Pictures excluded, please retype exactly the lines from the start of the data through the line that contains "Kaasaegsete ärivajaduste jaoks", both ends kept, and nothing beyond them.

━━━━━━━━━━━━━━━━

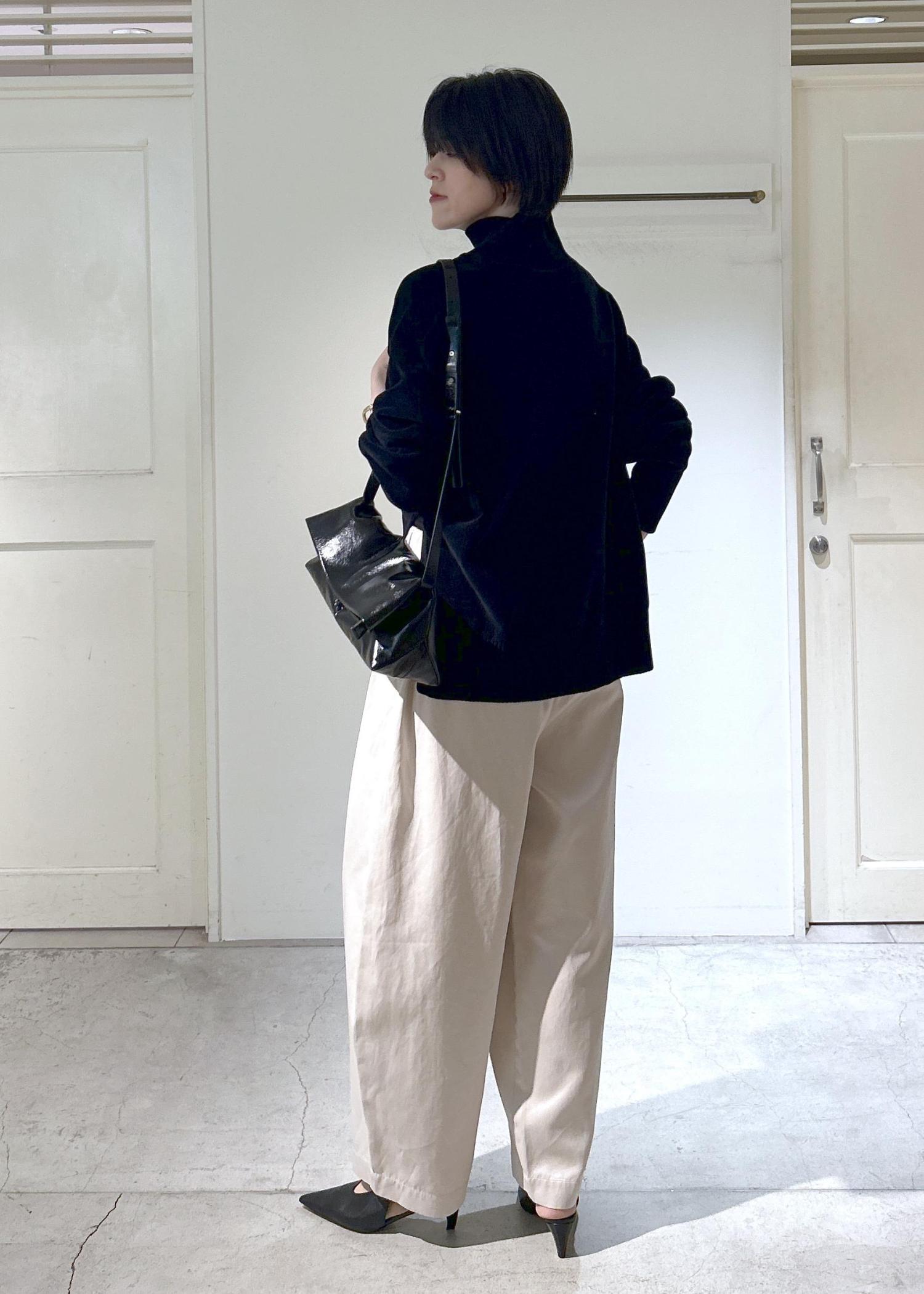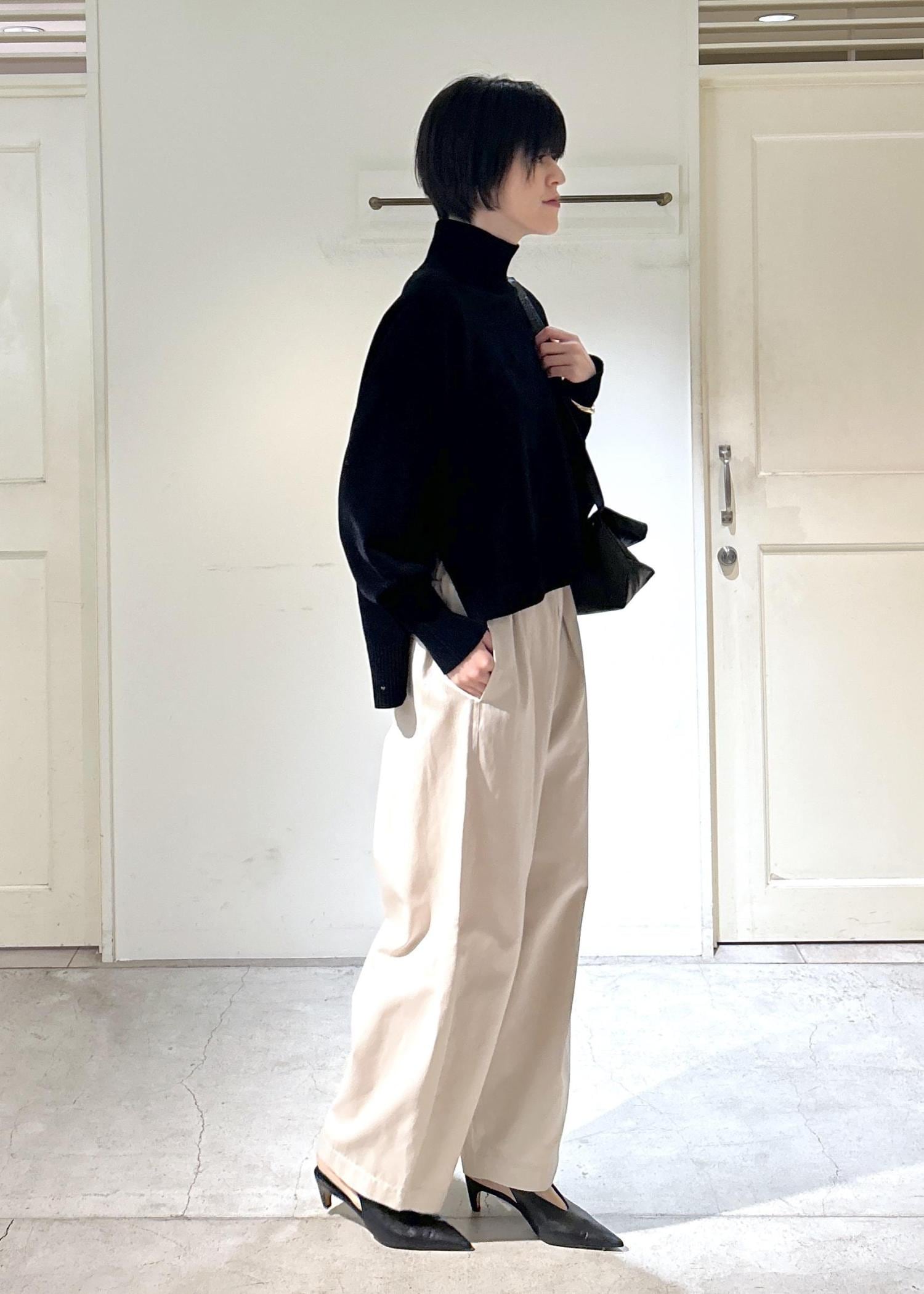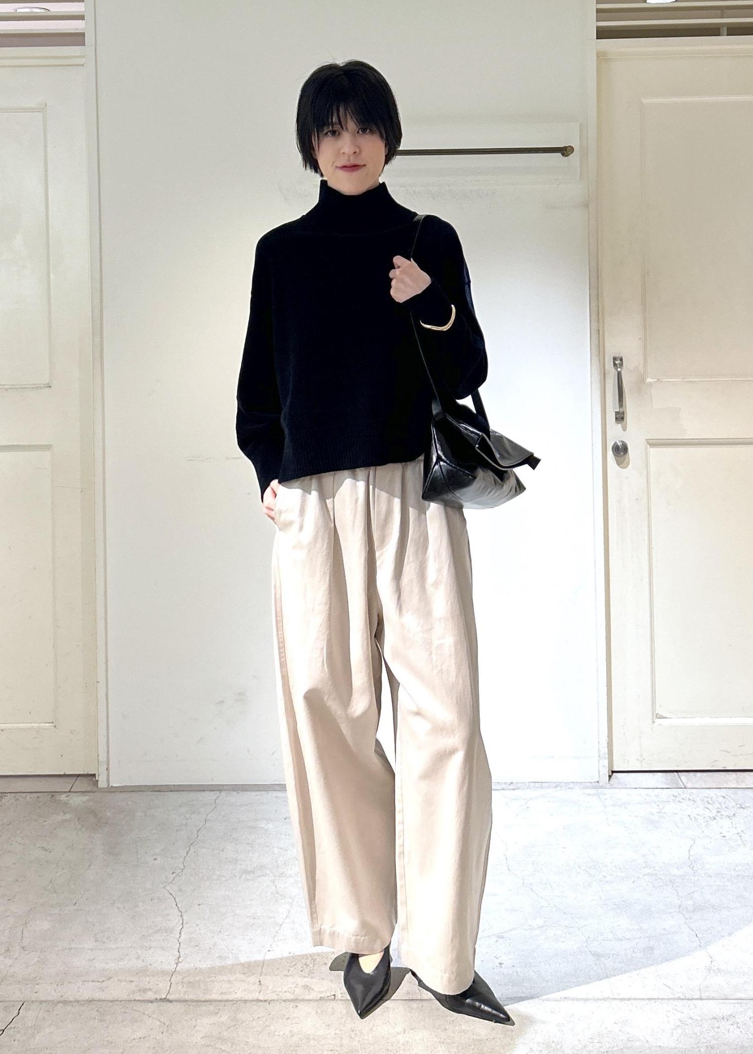 SALON adam et ropéタートルネックプルオーバー-CreamyCotton /クリーミーコットン-ブラック / F¥19,800レビュー身長171cmで、丈はお尻が隠れるくらいの長さ。身幅はゆったりしていて、首周りは程よくフィット感があります。肉厚で肌触りが良く、シワになりにくいのも嬉しいポイントです。
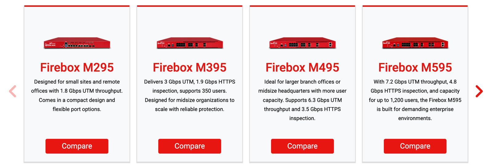 Kaasaegsete ärivajaduste jaoks loodud Firebox M-seeria rack-seadmed pakuvad järgmise põlvkonna tulemüüri (NGFW) funktsionaalsust kuni 5× kiirema ühe VPN-tunneli jõudluse ja 2–3× suurema UTM-läbilaskevõimega. Lihtsustatud litsentsimine eri teenuste lõikes annab ettevõtetele tervikliku turvakihi ilma peidetud kulude ja liigse keerukuseta. Need võimekad seadmed sobivad suurepäraselt harukontorite, hajusvõrkude ja suurte andmekeskuste kaitsmiseks.
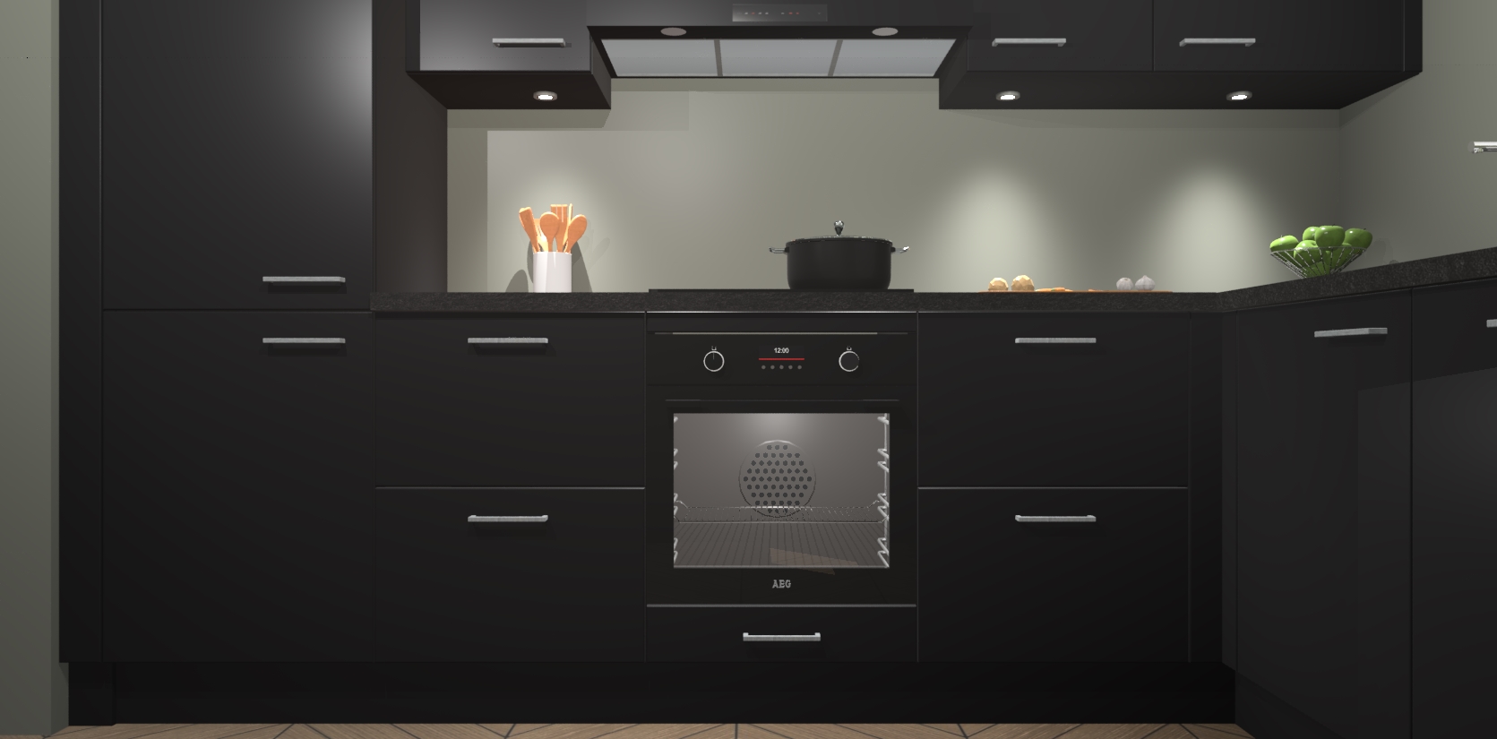 De Zwarte keuken Geneve is uitgerust met 5 inbouwapparaten - een oven, inductiekookplaat, afzuigkap, vaatwasser en koelkast - voor al uw kook- en bewaarbehoeftes. U kunt deze apparaten desgewenst eenvoudig upgraden naar AEG of de oven omruilen voor een combimagnetron na het plaatsen van uw bestelling. En met de soft close deuren, voldoende opbergruimte en kasten die voorgemonteerd worden geleverd, bent u in een mum van tijd klaar om heerlijke maaltijden te bereiden!
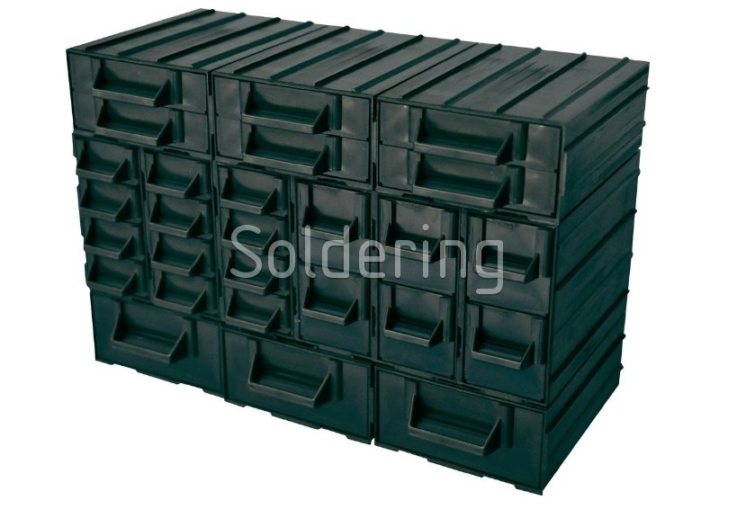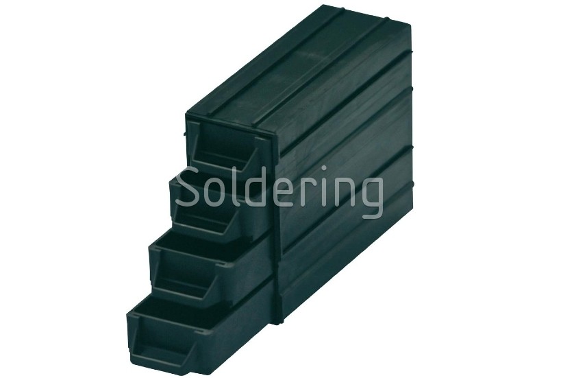 Modulové prevedenie. 4 rôzne prvky môžu byť spojené v ľubovoľnej kombinácii bez použitia náradia. Všetky zásobníky zle vzájomne ľubovoľne kombinovať. Zásuvky s miestom pre upevnenie štítkov.
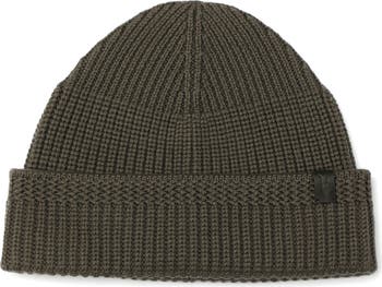 A wide cuff locks in warmth on this ribbed merino wool beanie minimally branded with the signature AllSaints Ramskull—a symbol of strength and subversion since its 1994 debut.
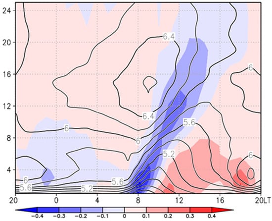 Vertical cross-sections of area-averaged annual means of hourly onshore wind speeds (contours; m/s) and its hourly changes (shaded) obtained from the ensemble mean. The hourly changes are computed by the previous hour subtracted from the current hour. The horizontal axis represents the local time while the vertical axis represents the height in meters.
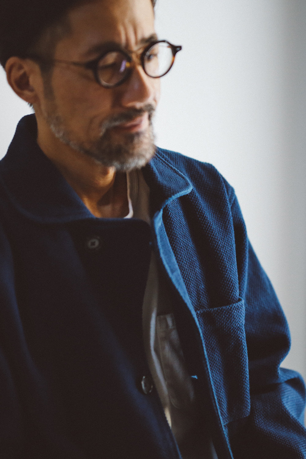 インディゴで染め上げた鮮やかな藍色。経年とともに風合いが増していき、着用するたびに愛着の深まる一枚となります。
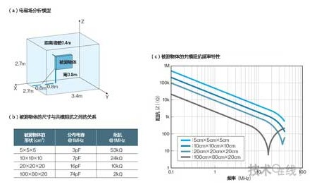 利用尺寸各異的4種對象物進行了電磁場解析模擬,計算出了從人工電源網絡觀察被測物體時的共模阻抗(a)。根據(jù)結果可知,形狀越大,屏蔽室基準面與被測物體的分布電容越大,共模路徑的阻抗就越低(b)。另外,頻率越高,共模阻抗越低(c)。
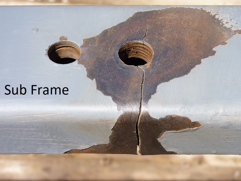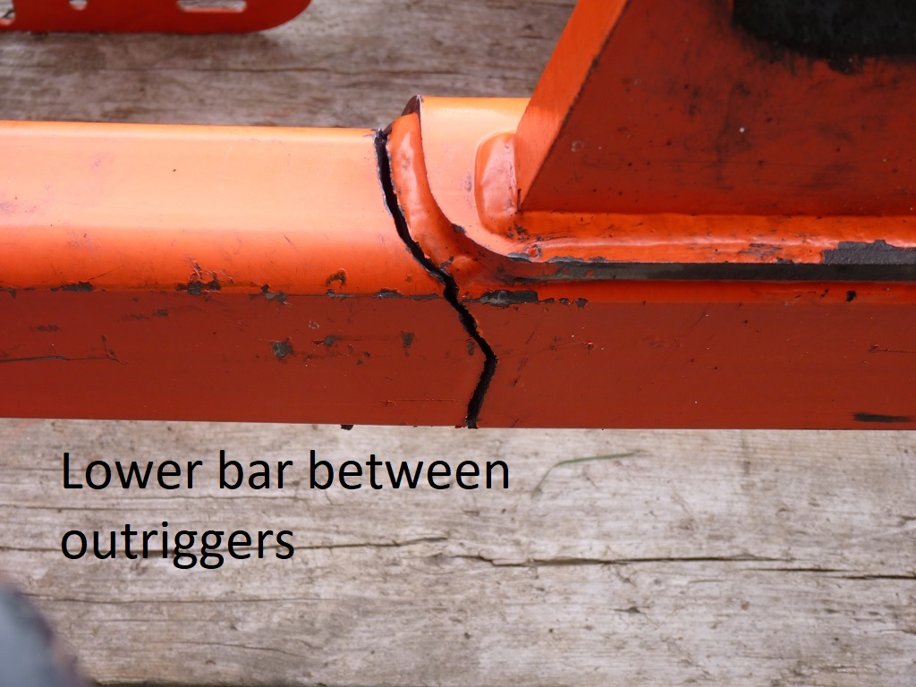 IGSCC on the orange square tube is my bet, you would need to get a micro view to verify. The location is at the toe of weld, heat effected zone, and at the point of concentrated high stress. Remove the stress or upgrade the material/design. Grind out defect, full pen weld, plate over, consider additional material but know that being that tube thickness is likely less than ideal... you will most likely change the location of the stress concentration to the end of your plate/gusset area and move failure down the line. Also note the weld start/stop at the corner of the tube. This creates a likely failure initiation point at the high stress corner combined with that start/stop.
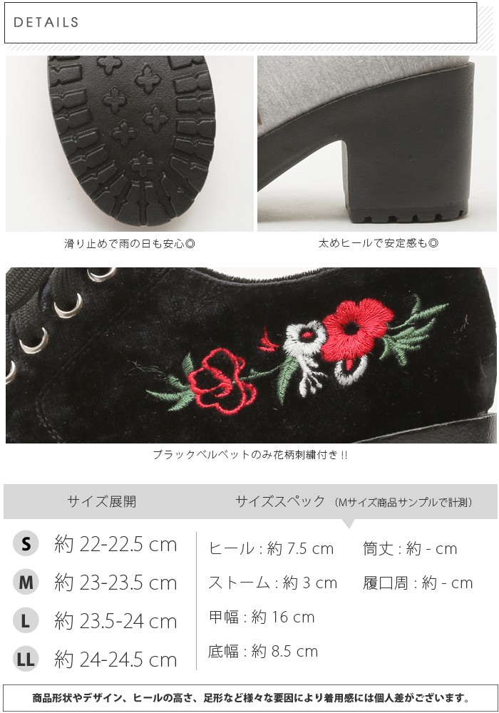 | カラー | 01. ブラックスムース 02. ブラックベルベット 03. ブラックスエード 04. ピンクスエード 05. グレー |
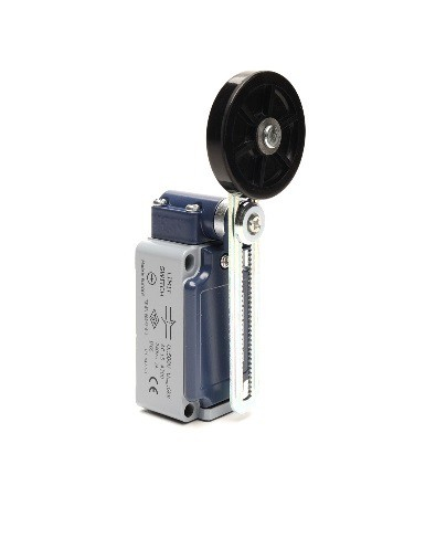 Выключатель концевой быстрого переключения угловой 2-х направленный с пластмассовой консолью и резиновым роликом d=50мм на регулируемом рычаге (1НО+1НЗ)

━━━━━━━━━━━━━━━━

**Exercise answer**
 SALON adam et ropéタートルネックプルオーバー-CreamyCotton /クリーミーコットン-ブラック / F¥19,800レビュー身長171cmで、丈はお尻が隠れるくらいの長さ。身幅はゆったりしていて、首周りは程よくフィット感があります。肉厚で肌触りが良く、シワになりにくいのも嬉しいポイントです。
 Kaasaegsete ärivajaduste jaoks loodud Firebox M-seeria rack-seadmed pakuvad järgmise põlvkonna tulemüüri (NGFW) funktsionaalsust kuni 5× kiirema ühe VPN-tunneli jõudluse ja 2–3× suurema UTM-läbilaskevõimega. Lihtsustatud litsentsimine eri teenuste lõikes annab ettevõtetele tervikliku turvakihi ilma peidetud kulude ja liigse keerukuseta. Need võimekad seadmed sobivad suurepäraselt harukontorite, hajusvõrkude ja suurte andmekeskuste kaitsmiseks.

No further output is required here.